• L'Histoire de Tadig Kozh

    L’Histoire de Tadig Kozh

     

    « Eh bien voilà fit l’Ankou, en rabattant sur son cou grêle un pan de son ample manteau de laine. Voilà c’était il y a longtemps ; Très longtemps. Baptisite Geffroy, de Penvenan, était déjà très vieux lorsqu’il la raconta en 1886, à Anatole Le Braz. Une histoire d’ailleurs qui devait courir de bouche à oreille de paysan dans tout le Trégor et sans doute même au-delà, car Luzel François-Marie en recueillit en 1873 lors de son voyage à Bréhat, une version qui n’en diffère que sur quelques point que sur quelque point de détails. C’’est si je compte bien dans la première moitié du XIX è siècle qu’il faut la situer. Vous voyez il y a bien plus de cent cinquante ans....


     

    En ce temps-là, M. Guillemin exerçait à Bégard son ministère de curé. C’était un curé de campagne, comme il y en avait beaucoup à l’époque, dévoué, attentionné et proche de ses ouailles. Il était vieux si vieux que certains pensaient qu’il avait toujours été là, comme la pierre de Louargat. Déjà de son vivant il appartenait presque à la légende. D’aucuns murmuraient même qu’il était plus vieux que la terre, qu’il était mort dix fois et que dix fois il était ressuscité ... Aussi tous dans la paroisse et les paroisse limitrophes avaient oublié son patronyme pour ne plus se souvenir du nom que lui donnait la « vox populi » avec un respect mêlé d’affection. Tadig Kozh qu’on peut traduire, sans risque de se tromper : « Le vieux petit-père ». Que ne racontait-on pas dans le pays du Trégor, sur les connaissances et les étranges pouvoirs de Tadig Kozh. L’un assurait qu’il connaissait tous les secrets de la vie et de la mort. L’autre que de temps à autre, lorsque l’idée l’en prenait, il passait sa tête dans le soupirail de l’enfer, demeurait longuement penché sur l’abîme et conversait avec tous les Diables qui le peuplaient. Une chose en tout cas est sûre, certaine, et faisait l’unanimité des gens du pays : Tadig kozh n’avait pas son pareil pour dire l’oferenn drantel [1], cette trentième messe célébrée pour les des défunts, en haut du Menez Bré.

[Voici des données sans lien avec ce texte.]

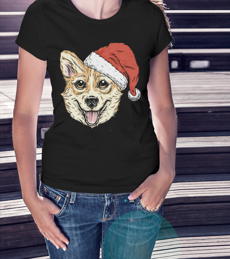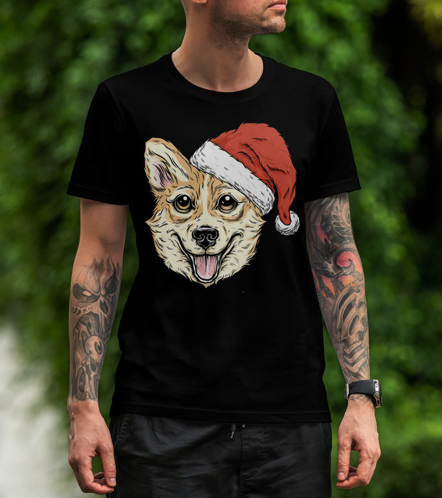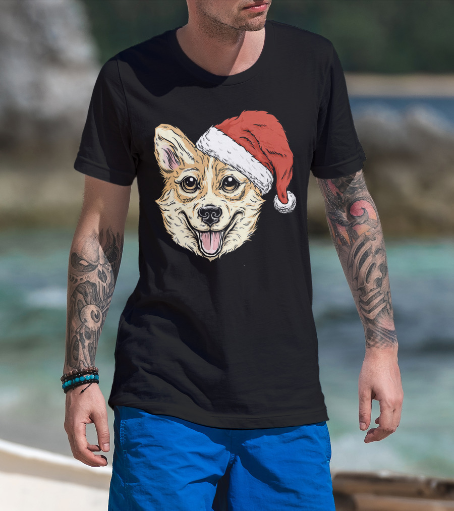 Corgi Dog Santa Hat Funny Christmas Corgi T-Shirt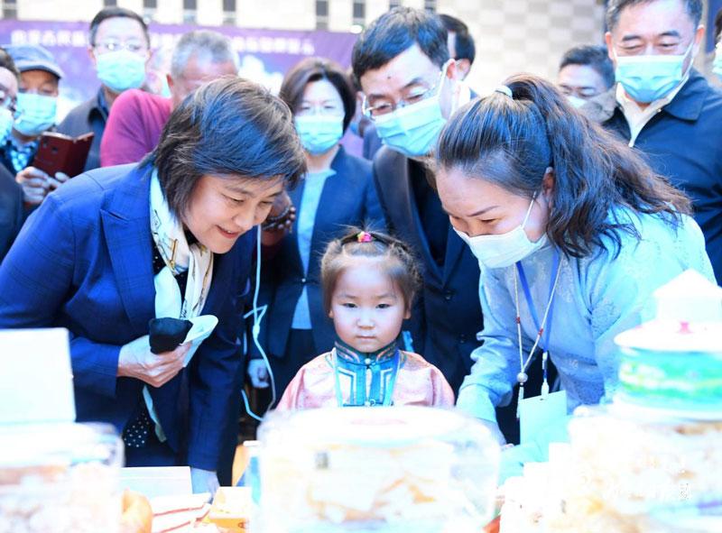 10月17日,自治区党委副书记、自治区主席布小林,在全区推进奶业振兴暨民族传统奶制品产业发展现场会上参观各盟市民族传统奶制品产品展示。内蒙古日报社融媒体记者 韩卿立 摄
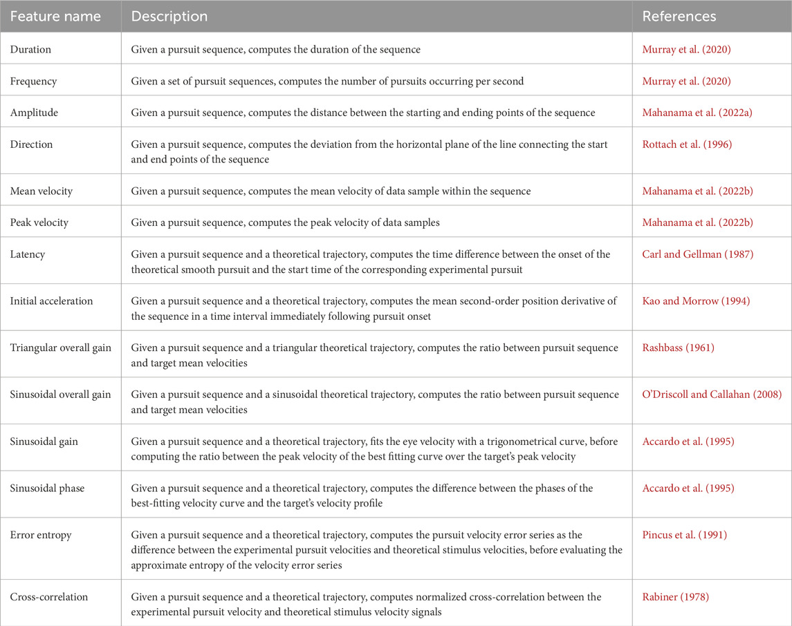 The fundamental features and metrics for fixations, saccades, and smooth pursuits are summarized in Tables 1–3, respectively. The tables provide a concise description of each feature and references from the literature that offer guidance for their implementation.

     Une messe extraordinaire que l’officiant devait célébrer à l’envers, après avoir accompli pied nus le chemin qui mène à la montagne sacrée des Trégorrois. C’était un exercice difficile et périlleux même, tant aux défunts du clan, se mêlaient les démons que le bon prêtre contraignait à montrer leurs griffes afin de vérifier si l’âme d’un mort n’était pas tombée en leur possession.

     René Auffret de Pedernec, racontait même qu’un jour un jeune prêtre encore novice s’avisa de dire une l’oferenn drantel, le malheureux fut hanté par les créatures de l’enfer, par une brèche qu’ils avaient sournoisement ouverte dans le pignon de la chapelle. Il fallut toute la science et l’opiniâtreté de Tadig Kozh, accouru sur son bidet breton pour l’arracher au démon, en tirant de toutes ses forces sur les jambes du malheureux.

    - Et alors ?

    - Et alors, attendez, ne soyez pas si pressé. Pour ma part, j’ai toute l’éternité, vous pouvez bien attendre quelques minutes. Et alors Tadig Kozh parcourait la campagne comme à son habitude, s’appuyant sur son bâton noueux, les longs cheveux blancs au vent, lorsqu’il rencontra Jobig an Drez, un jeune conscrit de Trezelan qui était en garnison à la capitale des Gaules, avait obtenu un mois de permission et après être descendu de la diligence à Belle-Isle-en-Terre, s’en allait tout gaillardement vers la demeure des parents.

     Après avoir échangé quelques politesses et banalités sur le temps et la famille de Jobig, Tadig Kozh marqua un temps d’arrêt, lui demandant tout de go :

    - Tu es sans doute bien pressé d’arriver à la chaumière des tiens ?

    - Bien sûr, Tadig kozh, mais pourquoi me posez-vous cette question ?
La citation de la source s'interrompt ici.